The World War II draft system operated from 1940 until 1947, when its legislative authorization expired. During the war, more than 11 million men had been inducted into the military services, and this had a profound impact on American society. The war had forged a bellicose collectivism that the burgeoning national security state would adroitly exploit in the coming years.
The supposed threat of international communism provided the justification for the next phase of military conscription in America. Congress passed the Selective Service Act of 1948, which subjected all men of ages 18 to 26 to the draft. The law also included a “Doctor Draft,” which aimed at inducting medical professions into the armed services. However, it wasn’t until President Truman’s unilateral decision to send troops to fight in the Korean conflict that the U.S. government began drafting large numbers of men again. During the Korean War, the U.S. armed forces drafted 1.5 million men, and another 1.3 million volunteered, usually choosing to serve in the Air Force or Navy. Despite the war’s unpopularity, there were no widespread protests. The generation that fought “the Forgotten War” had come of age during “the Good War” and had been conditioned to accept marching orders.

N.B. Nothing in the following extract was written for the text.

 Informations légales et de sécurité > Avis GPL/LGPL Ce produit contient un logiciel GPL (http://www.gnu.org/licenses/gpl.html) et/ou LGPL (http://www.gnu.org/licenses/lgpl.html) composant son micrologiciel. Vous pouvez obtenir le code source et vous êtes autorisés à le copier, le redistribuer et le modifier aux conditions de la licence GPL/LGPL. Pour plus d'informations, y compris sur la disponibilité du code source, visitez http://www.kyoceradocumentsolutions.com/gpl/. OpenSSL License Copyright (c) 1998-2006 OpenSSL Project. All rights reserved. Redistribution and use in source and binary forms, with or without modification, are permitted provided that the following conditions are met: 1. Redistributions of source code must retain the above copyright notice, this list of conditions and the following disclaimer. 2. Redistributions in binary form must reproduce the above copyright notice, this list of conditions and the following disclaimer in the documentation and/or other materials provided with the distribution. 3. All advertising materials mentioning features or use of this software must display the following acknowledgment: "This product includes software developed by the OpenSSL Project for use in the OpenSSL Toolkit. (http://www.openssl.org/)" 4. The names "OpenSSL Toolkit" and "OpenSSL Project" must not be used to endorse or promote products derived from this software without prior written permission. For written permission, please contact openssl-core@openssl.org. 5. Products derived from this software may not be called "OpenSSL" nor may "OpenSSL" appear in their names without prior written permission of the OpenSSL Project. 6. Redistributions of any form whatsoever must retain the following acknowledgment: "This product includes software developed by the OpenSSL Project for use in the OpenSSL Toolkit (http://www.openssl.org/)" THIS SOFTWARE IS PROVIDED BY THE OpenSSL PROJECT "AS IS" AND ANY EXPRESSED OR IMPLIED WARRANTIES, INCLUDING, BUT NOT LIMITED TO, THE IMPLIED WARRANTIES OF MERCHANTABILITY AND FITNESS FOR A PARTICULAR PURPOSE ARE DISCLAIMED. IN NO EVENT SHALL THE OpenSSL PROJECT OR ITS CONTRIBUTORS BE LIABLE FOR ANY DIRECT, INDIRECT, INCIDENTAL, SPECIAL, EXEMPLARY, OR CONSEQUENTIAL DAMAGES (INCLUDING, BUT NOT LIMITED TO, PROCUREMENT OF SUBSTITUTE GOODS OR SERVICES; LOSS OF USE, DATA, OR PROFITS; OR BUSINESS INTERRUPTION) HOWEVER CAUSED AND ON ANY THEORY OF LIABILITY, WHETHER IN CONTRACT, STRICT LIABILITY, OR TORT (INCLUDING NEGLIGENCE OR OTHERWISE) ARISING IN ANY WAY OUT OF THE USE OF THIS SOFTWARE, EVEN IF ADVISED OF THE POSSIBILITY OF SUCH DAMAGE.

The U.S. government had been meddling in Vietnam since the end of World War II but did not commit large numbers of troops until 1964. Between 1964 and 1975, U.S. armed forces enlisted approximately 8.7 million men; of those, 3.4 million were deployed to Southeast Asia. The draft raised 2.2 million men for military service during the Vietnam War. Of course, the risk of being drafted into the infantry encouraged millions to “volunteer” for the Navy or Air Force.
Mounting U.S. casualties and the apparent inequities of the draft system soon aroused fierce opposition to the war, especially among those subjected to the draft. Street protests against the war became a common feature of American society in the late 1960s and early ’70s, but their frequency and intensity waned considerably after President Nixon delivered on his 1968 campaign promise to end the draft in 1973. Since then the U.S. military has been an all-volunteer force.
The Vietnam War proved traumatic for the United States. The war pitted hippies and student protestors against “the silent majority.” Many decent Americans were disturbed by the anti-war movement’s apparent radicalism and nihilism, and they reflexively backed the government against the protestors. They did not question seriously the morality of their government’s war against a distant country. Nor did they question the morality of conscripting supposedly free men to fight and die in that war.
Now many see military conscription as a necessary evil, something the government must resort to in order to defend the country from attack. The problem with that point of view is that it not only justifies a form of slavery, which is immoral and unconstitutional, it also assumes those entrusted with the power to conscript will use it judiciously. There is nothing in history to justify such a view. The history of America’s wars is the history of elite policymakers treating America’s youth as pawns on their grand chess board.
Military conscription is also an invitation to abuse. When the government is given first claim on society’s resources, including its labor, it is encouraged to waste them on political boondoggles and crackpot schemes, among which should be included most of the U.S. government’s wars.
Moreover, conscription, military or non-military, is an abrogation of the values of a free society. As Murray Rothbard said, the draft “is slavery pure and simple, and because slavery is a moral evil, to use slavery in order to defend the ‘free world’ is a grisly joke.”